Objektive wie subjektiv erlebte Sicherheit in einer Gesellschaft sind vielmehr zuvorderst eine Frage der sozialen Kohäsion. Gelingende Integration, Toleranz und berufliche Perspektiven für junge Menschen sind hier wichtige Parameter, auch wenn sie natürlich eine erfolgreiche Polizeiarbeit nicht ersetzen, sondern sinnvoll präventiv flankieren.
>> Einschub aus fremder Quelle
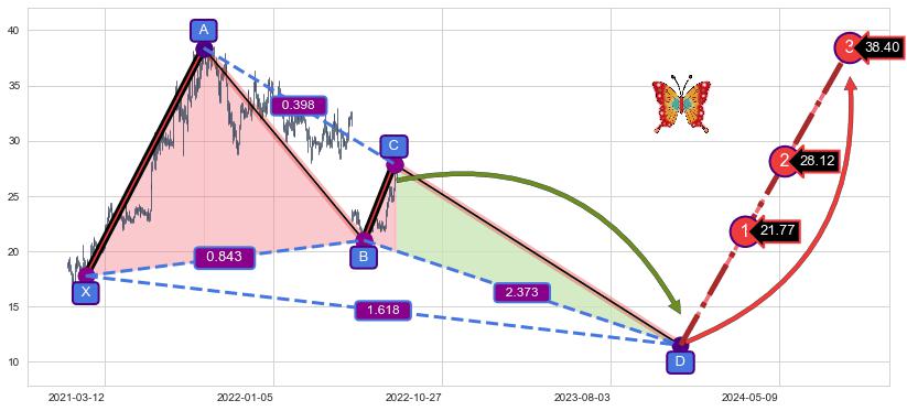 ➣ 未完成【蝴蝶】形态起点X: 2021-02-02, 已到达C点: 2022-08-09, 预测最终D点: 2023-11-28, 共707交易日
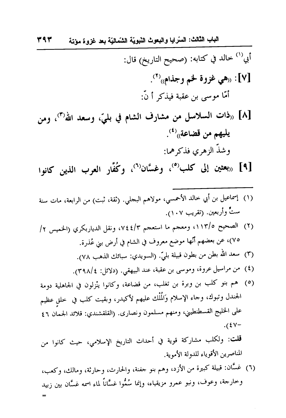 [9] "بعثين إلى كلب5، وغسَّان6، وكُفَّار العرب الذين كانوا
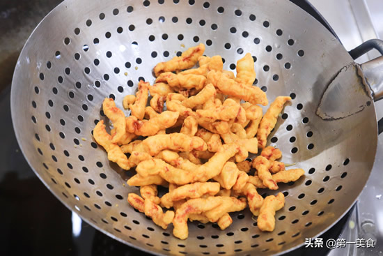 2.里脊肉一定要经过二次复炸,口感才更加焦酥,不易回软。
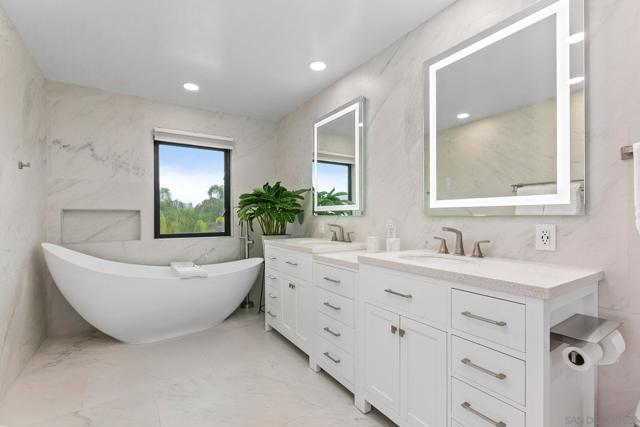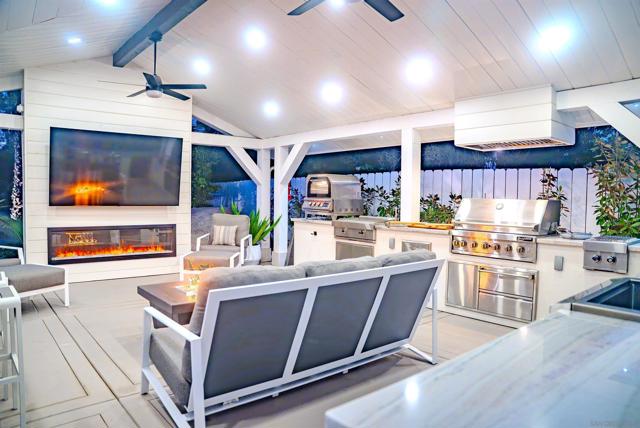 RE-IMAGINE: LIVING THE DREAM LIFE IN THIS LAVISH PRIVATE LUXURY ESTATE WAKING UP EVERY MORNING IN THIS OUTDOOR PARADISE IN THE COMFORT OF YOUR OWN BACKYARD. MASSIVE 70'X20' SALTWATER POOL, SHADED PAVILION WITH TWO FLOATING DAY BEDS AND FIRE FIT AT THE CENTER AND TWO BUBBLERS SIDE BY SIDE, THREE SPARKLING FIRE GLASS FIRE FITS AT THE SIDES THAT LOOKS STUNNING AND WARM FEELING ON COOL NIGHT OUTS SWIMMING. OVERSIZED SPA THAT FITS 16 PEOPLE VERY GOOD FOR RELAXATION AFTER HECTIC DAYS OF WORK AND MELT STRESSFUL AWAY, WITH SIDE AND BACK BUBBLERS ANF FLOOR JETS AND AN OVERFLOW INFINITY -STYLE FEATURE. A BIG OUTDOOR KITCHEN PAVILION WITH BUILT IN BBQ GRILL AND BAR LIKE STYLE SEATING. THIS PAVILION IS FULLY EQUIPPED WITH TWO MINI REFRIGERATORS, FLAT GRILL AND A STOVE. YOU CAN MOUNT YOUR BIG SCREEN TV ON ONE SIDE AND A BIG SPACE FOR A SOFA WHILE WATCHING. A FULLY PAID 58 - PANEL SOLAR ARRAY. EXPANSIVE FRONT DRIVEWAY THAT FITS 20 CARS. A THREE SMART GARAGE INCLUDE TWO TESLA EV CHARGERS AND A UNUQUE ONE CAR GARAGE THAT DRIVE THROUGH STALL WITH DOORS AT BOTH FRONT AND BACK ALLOWING VEHICLE ACCESS TO THE BACKYARD. INSIDE, A WHOLE-HOME SMART SYSTEM, MANAGES LIGHTING, GARAGE DOORS, LOCKS AND PENTAIRPOOL/SPA FEATURES. ENGINEERED WOOD FLOORS THAT FLOWS TOWARD THE EN TIRE HOME, COMPLEMENTED BY DUAL PANE WINDOWS AND DOORS THAT FRAME SERENE VIEWS LUXURY PRIMARY SUITE FEATURES A SPA-CALIBER BATH WITH STEAM SHOWER AND SMART SHOWER CONTROL CREATING THE ULTIMATE PRIVATE RETREAT. Unparalleled Mt. Helix Luxury Estate- 10732 Fuerte Drive Re- Imagine Resort Style Living on a private one-acre lot with this fully fenced and gated, 5 bedrooms, 4.5 bath, designed for exceptional privacy and comfort. A three-car smart garage includes two Tesla EV chargers and a unique drive through stall with doors at front and back, allowing direct vehicle accesses to the backyard. A fully paid 58-panel solar array ensures outstanding energy efficiency. INSIDE- a whole home smart system manages lightings, garage doors, locks, and Pentair pool / spa features. Soaring ceilings with skylights and elegant fixtures fill the interior with natural lights, while high-end engineered wood floors flow throughout the entire home, complemented by dual pane windows and doors that frame serene views. The chef kitchen show cases a 6 burner Viking gas range with oven, premium Viking appliances, a huge center island, custom cabinetry, a walk-in pantry--ideal for culinary enthusiasts. The luxury primary suite features a spa-caliver bath with a steam shower and smart shower controls creating the ultimate private retreat. The lush landscaping is a fruit lover's dream, featuring lemon, lime, orange, tangerine, avocado, mandarin, pineapple guava, mango, fig, nectarine, plum, and olive trees, along with vibrant flowering plants and swaying palms This Mt. Helix estate blends modern efficiency with timeless luxury ---your own private one-acre resort. Located just minutes from the heart of San Diego.

Bürgerrechte einschränken ist dagegen keine gute Idee. Natürlich muss unsere Sicherheitsarchitektur sich wandelnden gesellschaftlichen und technologischen Bedingungen anpassen. Hysterischer Aktionismus mit heißer Nadel gestrickt ist dabei allerdings nicht hilfreich. Gerade der tragische Fall Anis Amri hat doch gezeigt, dass es nicht an Gesetzen zur Gefahrenabwehr in Deutschland mangelt, sondern dass an deren Anwendung intensiv gearbeitet werden muss. Der Attentäter war immer wieder im Visier der Fahnder, seine kriminelle Energie war polizeibekannt, und selbst Terrorwarnungen des marokkanischen Geheimdienstes lagen vor. Diverse Fehlbewertungen in Geheimdiensten und Polizeistrukturen führten in ihrer Verkettung dazu, dass der furchtbare Anschlag gelang, nicht fehlende gesetzliche Grundlagen. Die Bundesregierung muss sich also dringend um diese strukturellen Probleme in der Zusammenarbeit zwischen Länder- und Bundesbehörden kümmern, das bestehende Geheimdienstsystem der diversen Verfassungsschutzämter muss abgeschafft werden.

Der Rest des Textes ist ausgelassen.